§ **EXERCISE PROMPT**
Your copy should contain exactly the lines from the one that holds "Miradouro de São" through the end of the material, reproduced as written, with no pictures.

BEGIN EXCERPTED RECORDS

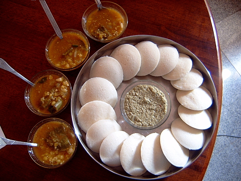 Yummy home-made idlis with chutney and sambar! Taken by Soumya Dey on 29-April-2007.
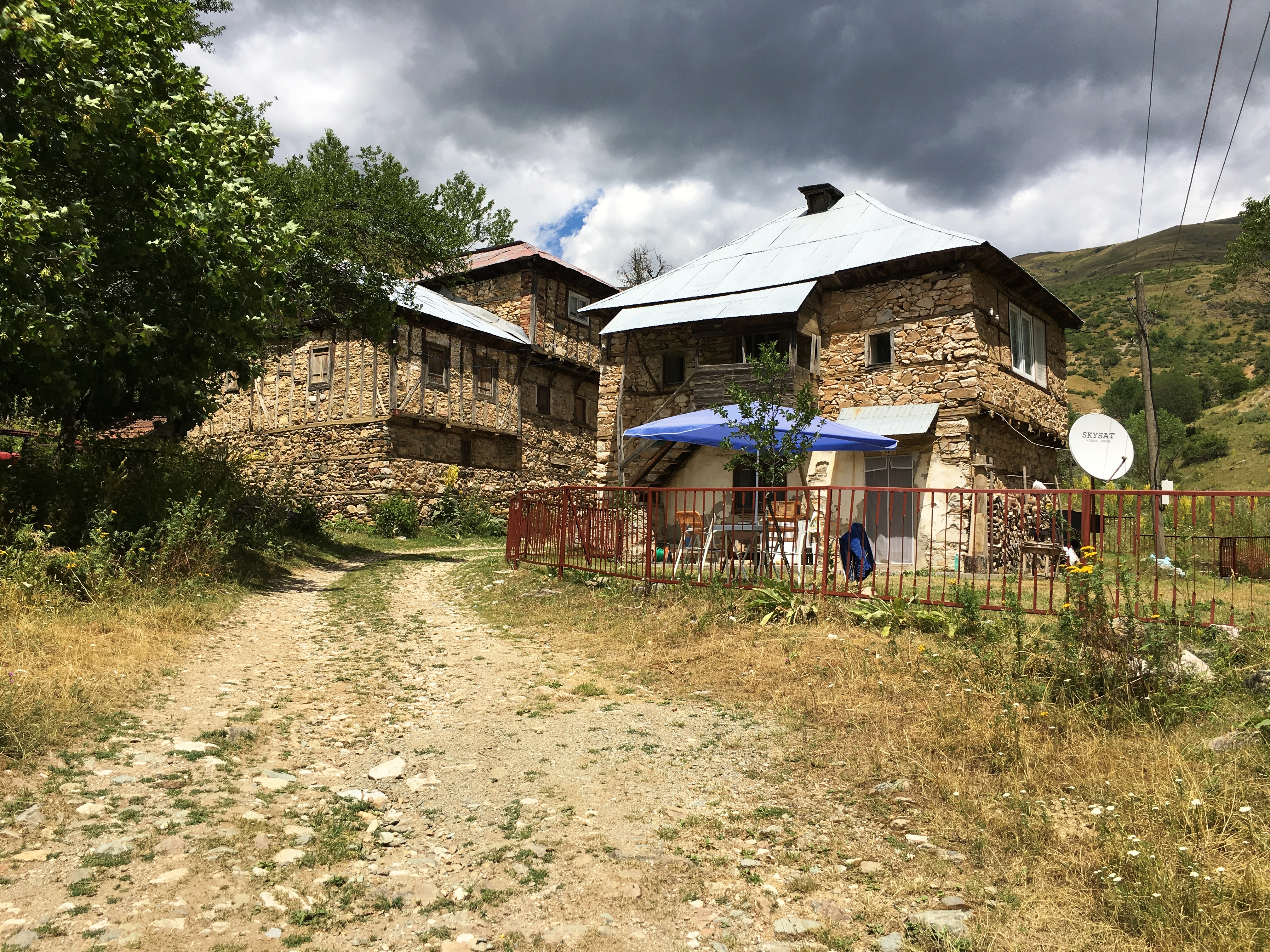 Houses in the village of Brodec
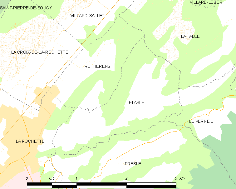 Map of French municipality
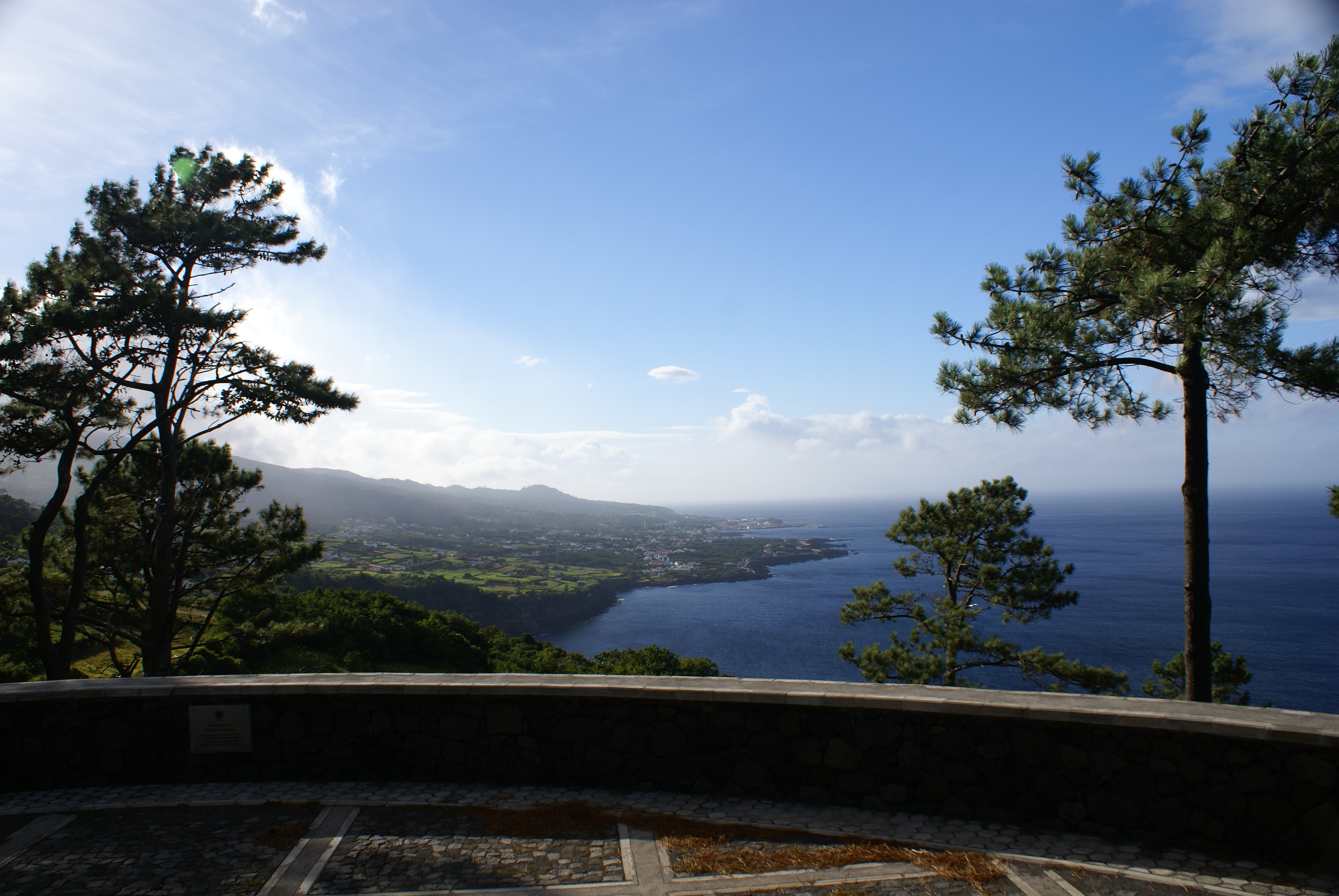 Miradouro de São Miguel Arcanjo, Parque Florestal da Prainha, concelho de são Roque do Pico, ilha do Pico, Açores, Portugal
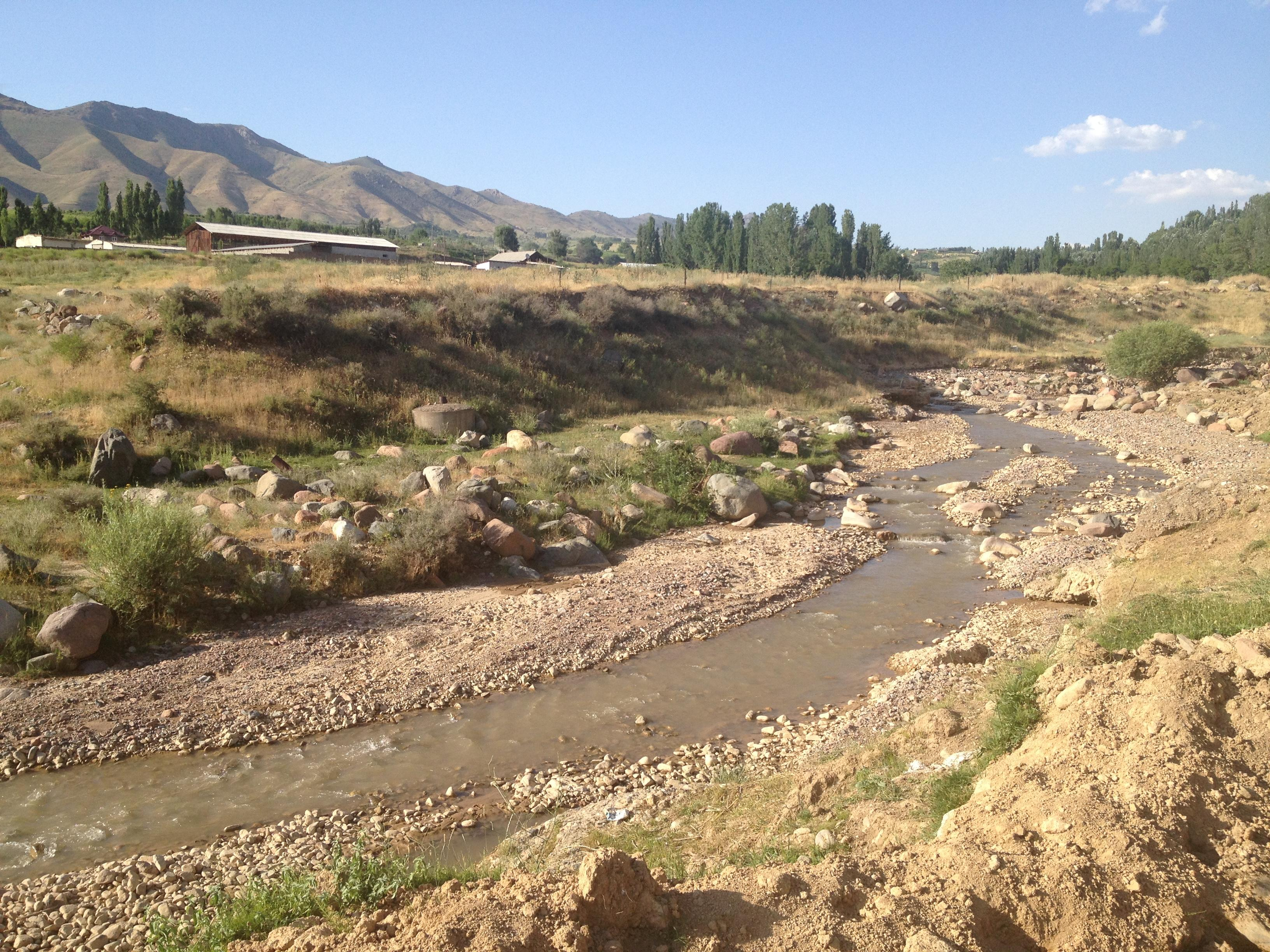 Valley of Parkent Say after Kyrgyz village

END EXCERPTED RECORDS

§ **WORKED SOLUTION**
 Miradouro de São Miguel Arcanjo, Parque Florestal da Prainha, concelho de são Roque do Pico, ilha do Pico, Açores, Portugal
 Valley of Parkent Say after Kyrgyz village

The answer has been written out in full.